Zhang Xinyue, Gosnell Jordan, Nainamalai Varatharajan, Page Savannah, Huang Sihong, Haw Marcus, Peng Bo, Vettukattil Joseph, Jiang Jingfeng
School of Computer Science, Southwest Petroleum University, Chengdu 610500, China.
Betz Congenital Health Center, Helen DeVos Children's Hospital, Grand Rapids, MI 49503, USA.
Diagnostics (Basel). 2023 Sep 18;13(18):2981. doi: 10.3390/diagnostics13182981.
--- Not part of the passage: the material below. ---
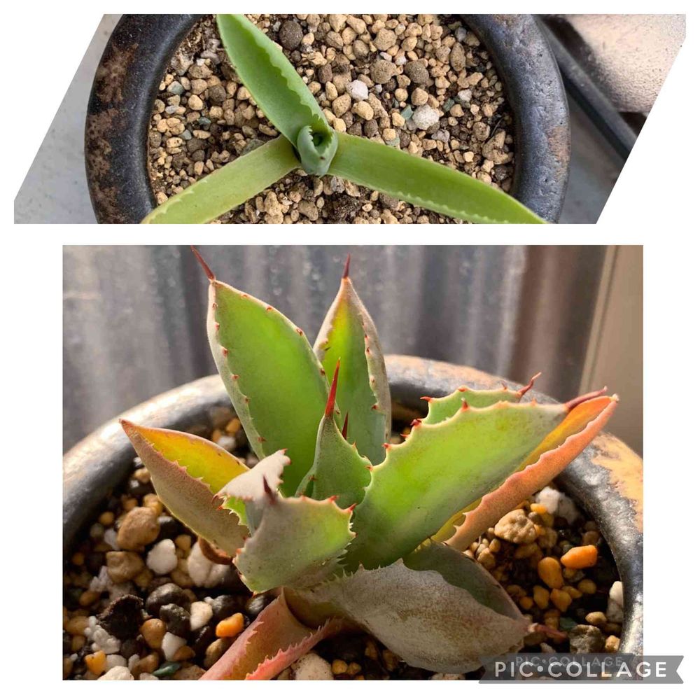 下…昨日。葉数も少しずつ増えてきました。鉢が小さいから?まだ手のひらサイズ🪴 外葉の少し粉っぽい感じも😍

Percutaneous interventions are gaining rapid acceptance in cardiology and revolutionizing the treatment of structural heart disease (SHD). As new percutaneous procedures of SHD are being developed, their associated complexity and anatomical variability demand a high-resolution special understanding for intraprocedural image guidance. During the last decade, three-dimensional (3D) transesophageal echocardiography (TEE) has become one of the most accessed imaging methods for structural interventions. Although 3D-TEE can assess cardiac structures and functions in real-time, its limitations (e.g., limited field of view, image quality at a large depth, etc.) must be addressed for its universal adaptation, as well as to improve the quality of its imaging and interventions. This review aims to present the role of TEE in the intraprocedural guidance of percutaneous structural interventions. We also focus on the current and future developments required in a multimodal image integration process when using TEE to enhance the management of congenital and SHD treatments.
经皮介入治疗在心脏病学领域正迅速得到认可,并正在彻底改变结构性心脏病(SHD)的治疗方式。随着新的结构性心脏病经皮手术不断涌现,其相关的复杂性和解剖学变异性要求在手术过程中进行高分辨率的特殊图像引导。在过去十年中,三维(3D)经食管超声心动图(TEE)已成为结构性介入治疗中使用最为广泛的成像方法之一。尽管3D-TEE能够实时评估心脏结构和功能,但为了使其得到普遍应用,并提高成像和介入治疗的质量,必须解决其局限性(例如视野有限、大深度处的图像质量等)。本综述旨在阐述TEE在经皮结构性介入治疗术中引导方面的作用。我们还将重点关注在使用TEE增强先天性心脏病和结构性心脏病治疗管理时,多模态图像整合过程中当前和未来所需的发展。